You paste the whole 2,000-line view, three viewmodels, and the full build log, then ask why the binding will not update. The line that matters, a setter that never raises a change notification, is a thin signal among thousands of unrelated tokens. The model searches for it and answers in generalities.
You paste the bound property, its setter, the one XAML element, and the eight log lines around the error. The working memory is almost all signal, the relevant tokens hold the model's attention, and the answer names the cause: the setter never raises the change notification, so the binding never hears the update.
Curating by hand works. You can also let tooling fill the working memory for you, which is the point of the App MCP in Uno Platform Studio.
Skip the copy-paste.
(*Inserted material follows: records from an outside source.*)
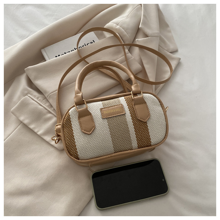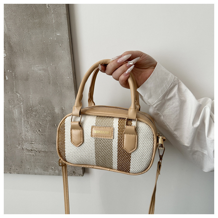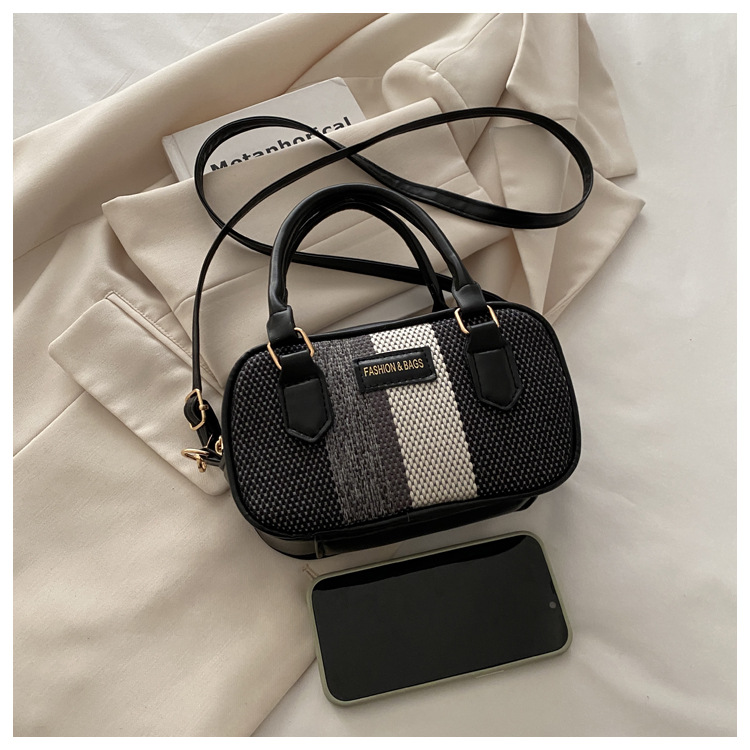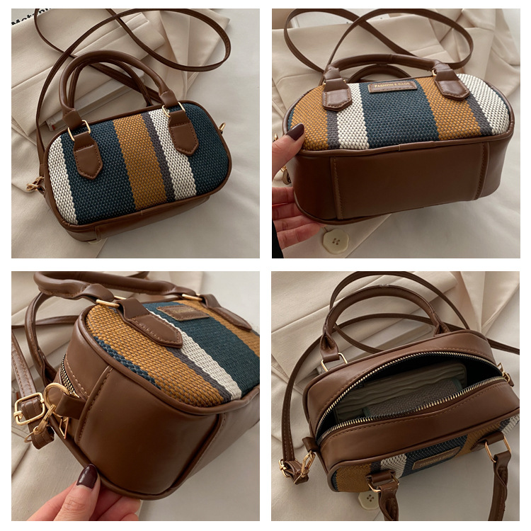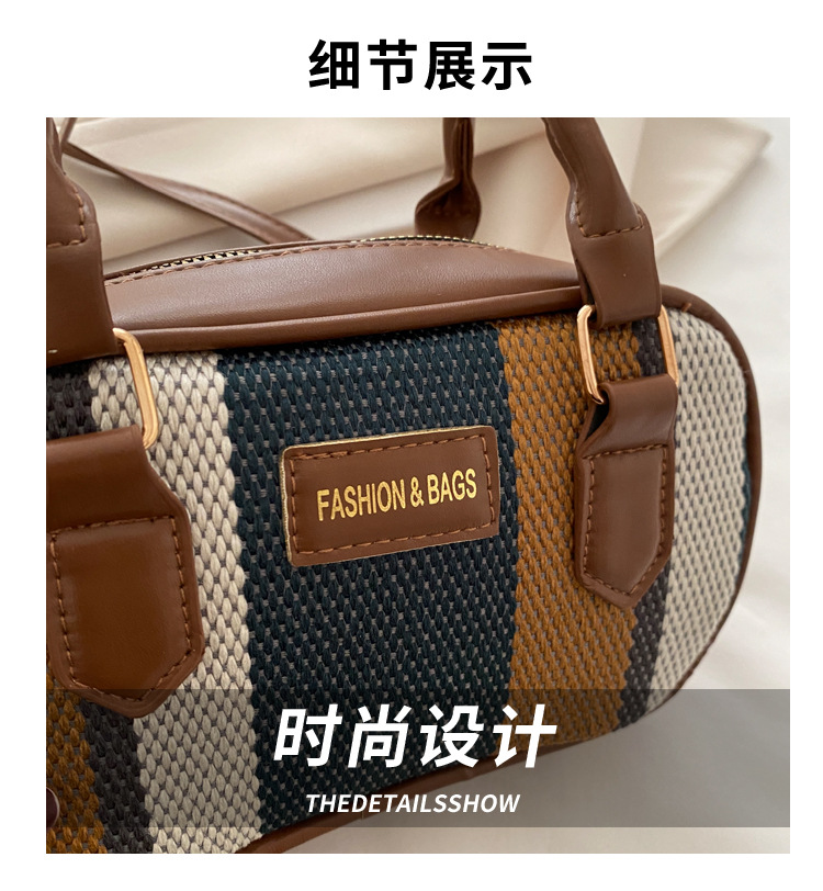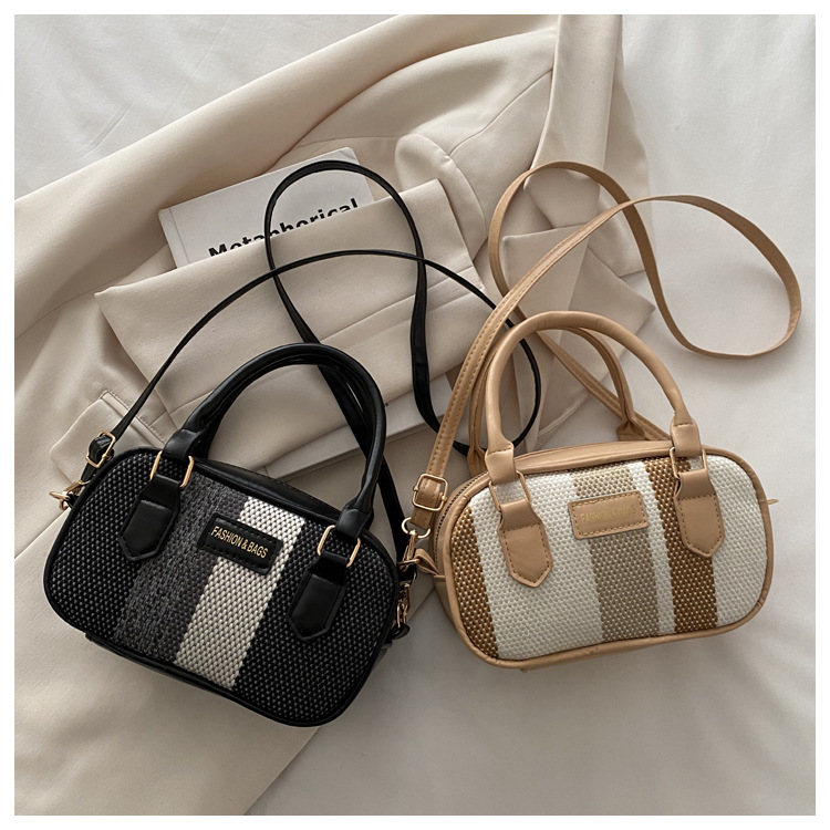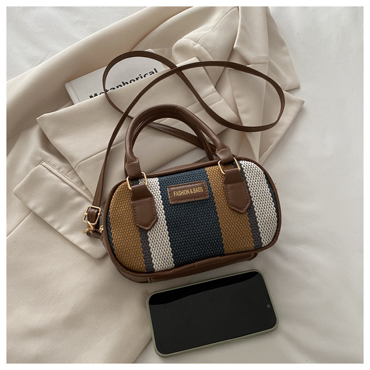 질감 레트로 스트라이프 콘트라스트 컬러 휴대용 2025 새로운 간단한 유행 보스턴 어깨 크로스 바디 백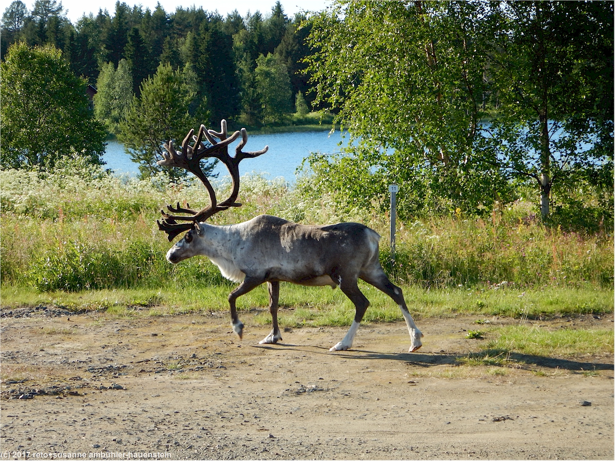 wir ziehen trockene kleider an und schleppen die boote zur strasse. dort warten wir auf das taxi. nach einer weile taucht ein schwarzer van mit bootsanhänger auf. wir laden die beiden kajaks auf, dann fährt uns der freundliche mann zurück nach äkäslompolo. er folgt dabei der strasse, die dem fluss entlang führt. beim bootsverleih geben wir die ausrüstung zurück, anschliessend kaufen wir noch eine erfrischung im supermarkt. wenig später sind wir beim jogi. auch heute trottet ein rentier über den campingplatz - mir scheint, es ist immer das gleich tier, welches hier am abend seine runde macht.
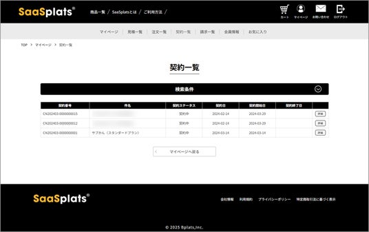 SaaSplatsでは、ストア内で購入/申込をひとまとめに行えるだけでなく、マイページですべての契約情報や利用状況が一目で「見える化」されます。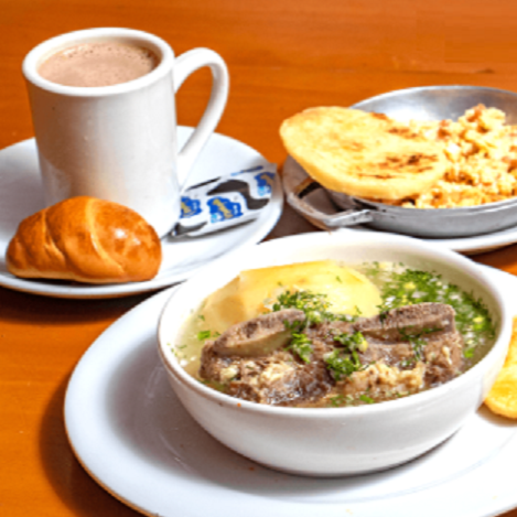 Exquisito caldo de costilla Exquisita Combinación de Huevos, Salchichas, Jamón, Queso Doble Crema, Acompañado de Arroz, Pan, Jugo de naranja o café.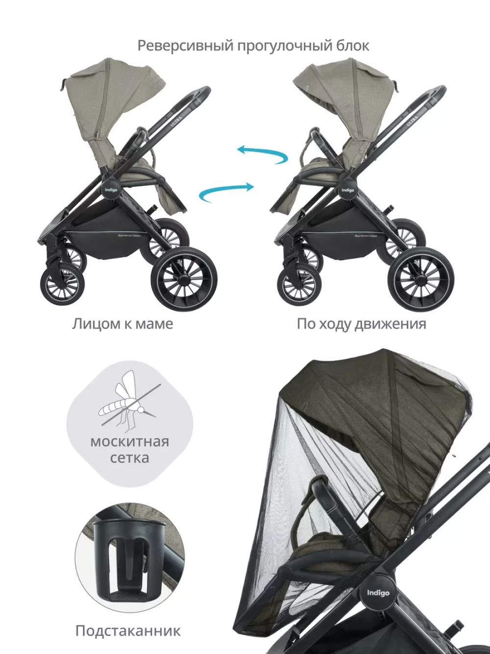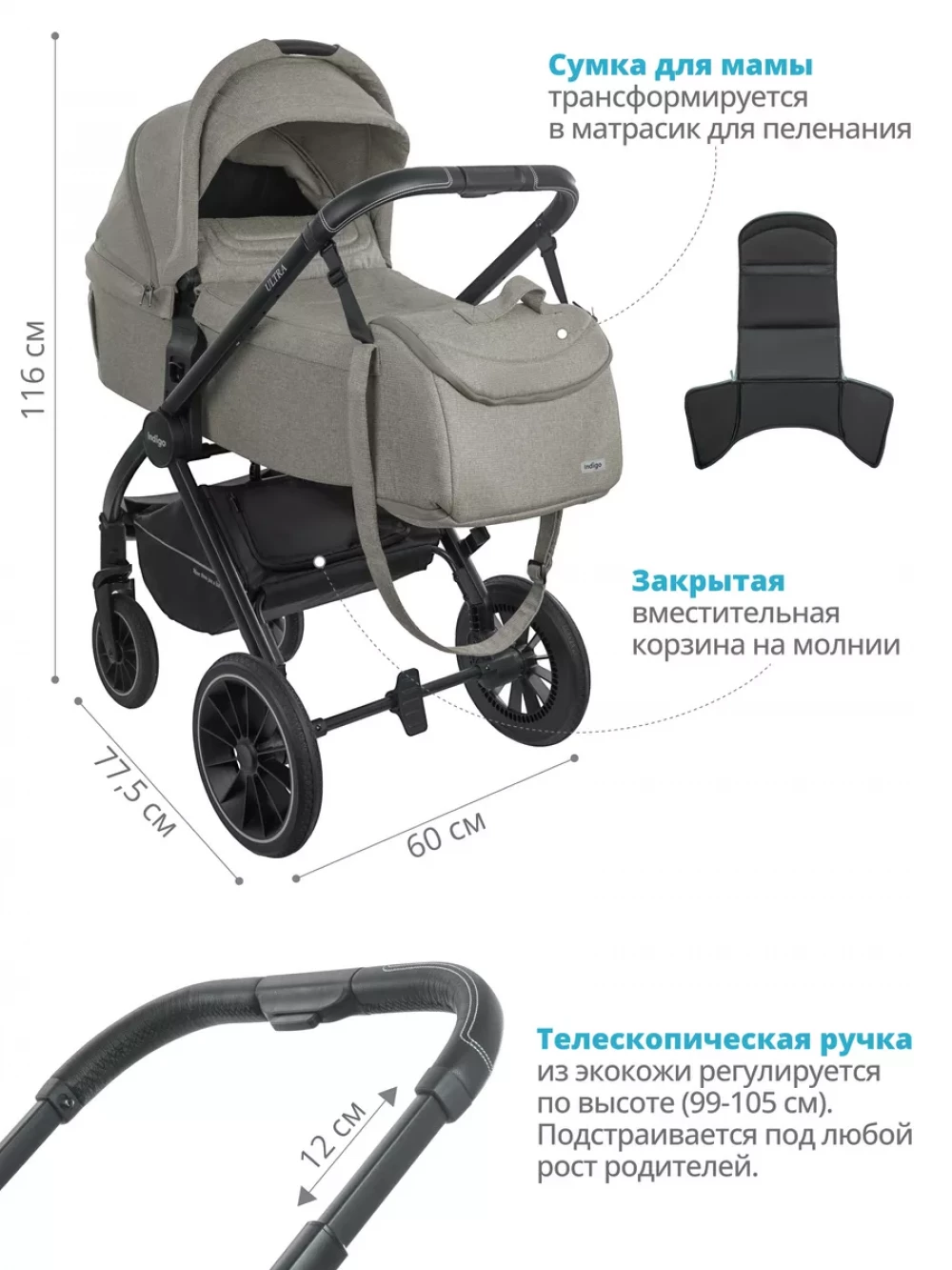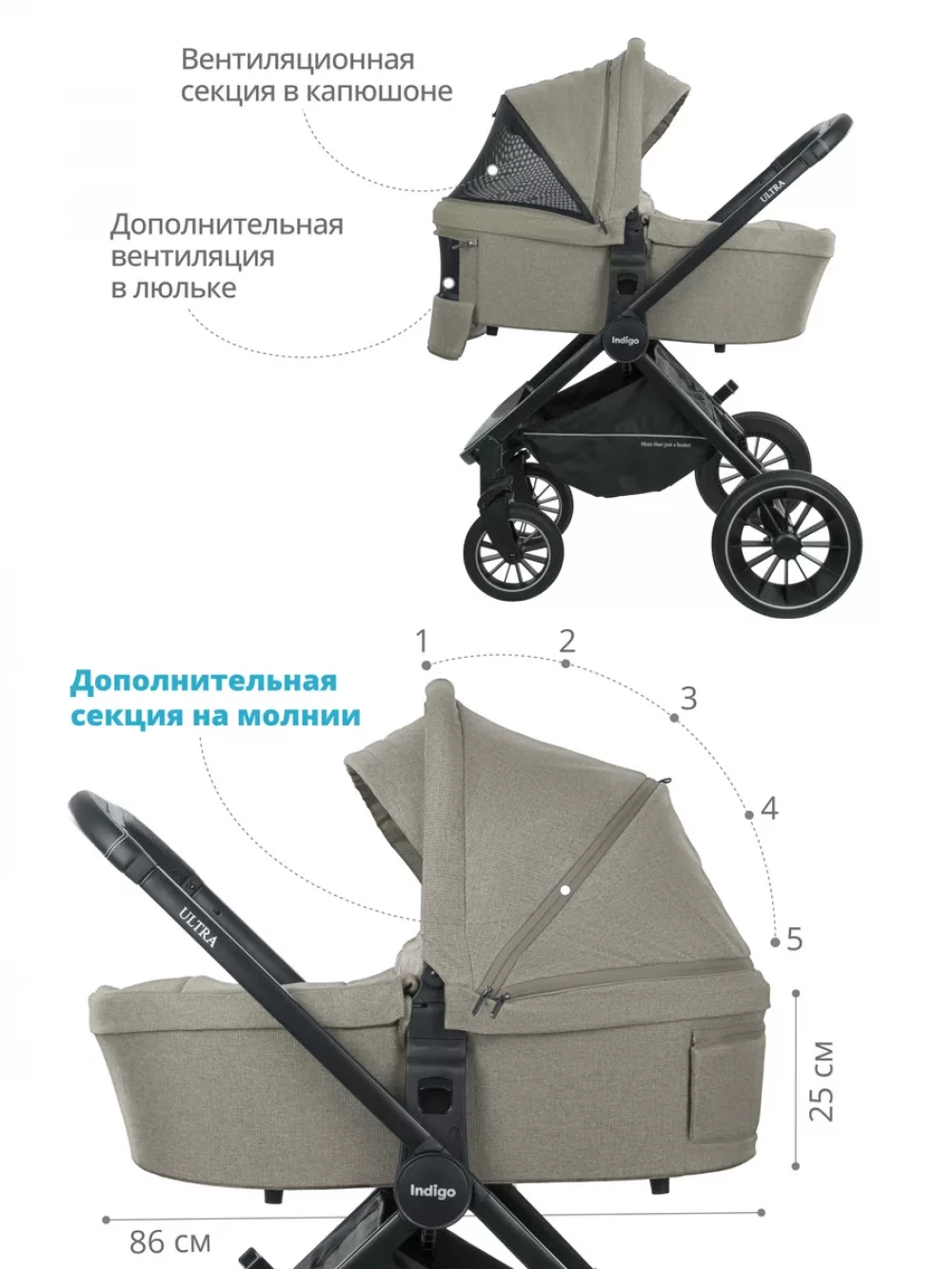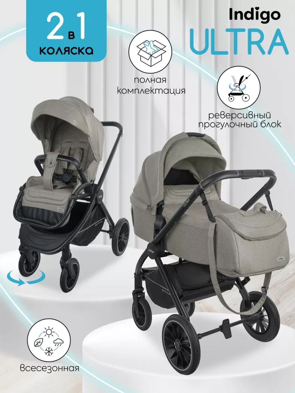 Коляска 2 в 1 Indigo Ultra бежевый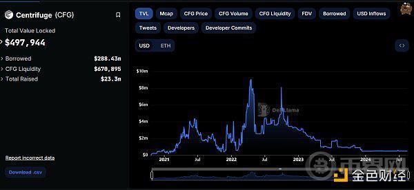 雖然 Centrifuge 項(xiàng)目在 RootData 的 RWA 項(xiàng)目關(guān)注度排行第一,但核心數(shù)據(jù)如 TVL 等卻在2022年熊市影響以及2024年項(xiàng)目預(yù)期落空等等因素的共同作用下一路下滑,目前僅有497944美元。
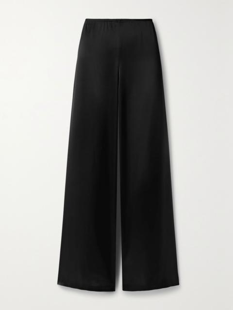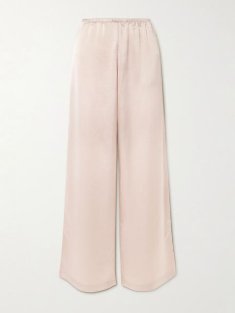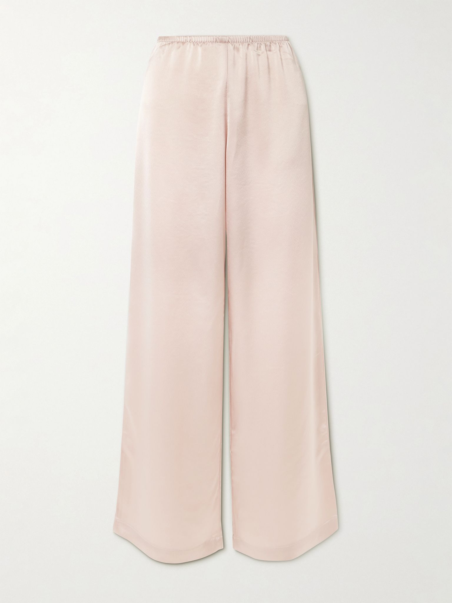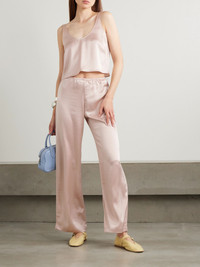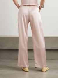 LESET's blush 'Barb' pants are designed with both comfort and style in mind. Cut from soft and fluid washed-satin, this mid-rise pair falls to relaxed wide legs. They're an effortless match to the coordinating top. Size & Fit - Fits true to size, take your normal size - High-rise, cut for a wide-leg fit - Elasticated at the waist for a comfortable fit - Lightweight, non-stretchy fabric - Model is 177cm/ 5’10” and is wearing a size Small Details & Care - Blush washed-satin - Pull on - 75% acetate, 25% polyester - Dry clean - Designer color: Sakura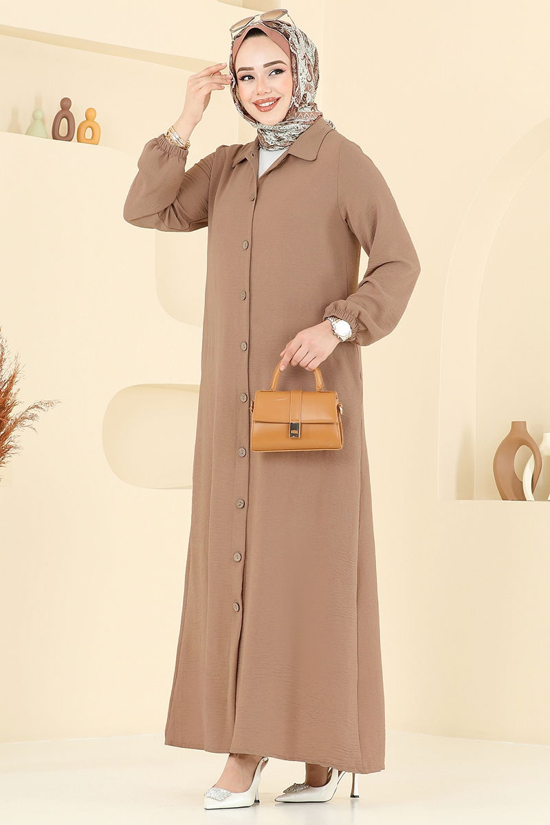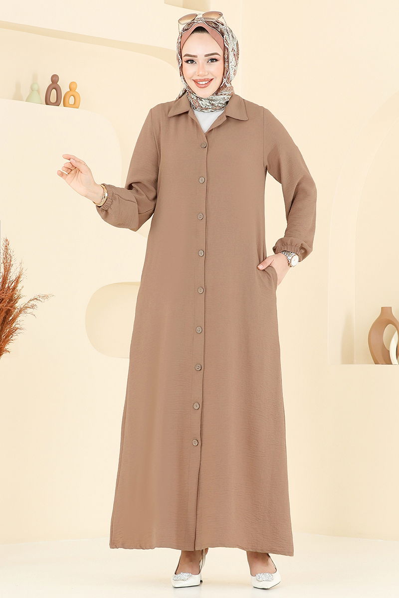 The Button-Front Modest Abaya is crafted from aerobin fabric, suitable for all seasons. It can be washed gently at 30 degrees. Its shirt collar and buttoned design offer a modern look. The unlined structure, elastic cuff details, and pocketed design provide practical use. The product size on the model is 38-40 with measurements: Height: 165 cm, Chest: 88 cm, Waist: 68 cm, Hips: 99 cm, Weight: 56 kg.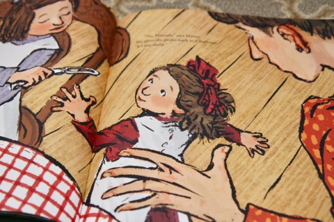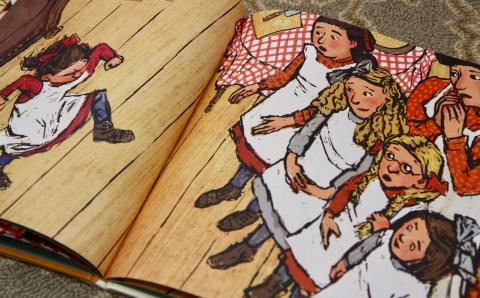 The five sisters—Ella, Henny, Sarah, Charlotte, and Gertie—range in age from twelve to four; and no finer example of sibling affection will you find. But, because reading about perfect children is supremely dull, the gift of Taylor’s original books has always lain in the not-so-perfect moments, the times when the girls grow grumpy and irritable and don’t want to be models of helpfulness and patience. All-of-a-Kind Family Hanukkah is filled with just such moments, from Henny giving Gertie the side eye on the cover, to Gertie’s full-fledged temper tantrum halfway through the story.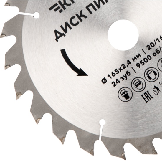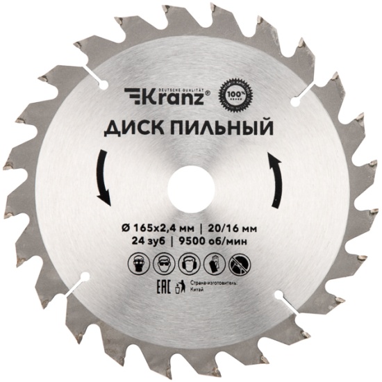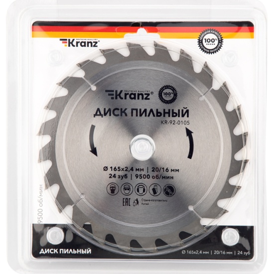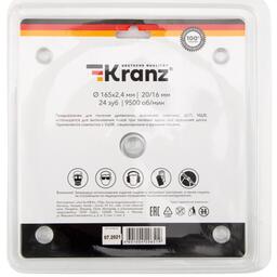 Диск пильный KRANZ диам. 165 мм, 24 зуб, посадка 20/16 мм KR-92-0105

The App MCP connects to your running app and hands the agent the live visual tree and the control's real properties and binding values, so it reads the true runtime state instead of guessing from pasted source, then verifies its own fix against the running app. The curation happens for you.
Working memory fills as it runs
Watch a real session and you can see the working memory fill whether you manage it or not (see Fig. 4). A fresh call is mostly headroom: a short system prompt, your instructions, the one file in question, your request. That file is a large share of the few thousand tokens present, so it holds strong attention.
Then the run continues. Every file read, every build log, every test result is appended. Forty turns later the same working memory holds well over a hundred thousand tokens: a long history, stacks of tool output, your original instructions far below where the model is writing, and the file you care about reduced to a sliver. Nothing was deleted. It was outnumbered.
This is the drift from the first section, seen from the inside. The window did not shrink; the useful fraction of it did. The repair follows from the picture: summarize the history, drop tool output you are done with, and keep the current task and the relevant file near the end of the window, where the model is actively writing and attention is strongest. The teams running long agents have names for these moves, compaction, external notes, and handing a slice to a fresh sub-agent, and they share one aim: keep the working memory mostly signal.
One thing to try this week
Here is the move that builds the instinct fastest. Open the longest-running AI chat or agent session you have going right now, and find the one constraint that has to hold for its work to be correct: the target framework, the API it must not touch, the rule you keep retyping. Move that line into the place that gets re-sent on every turn, the system prompt or a project rules file, so it stays in working memory instead of sinking out of it.
That is the whole exercise. One constraint, relocated from the fragile tail of a conversation into context that is always present. Do it once and you start to feel the difference between an agent that holds its instructions and one that loses them.
Same model, same question. Different working memory.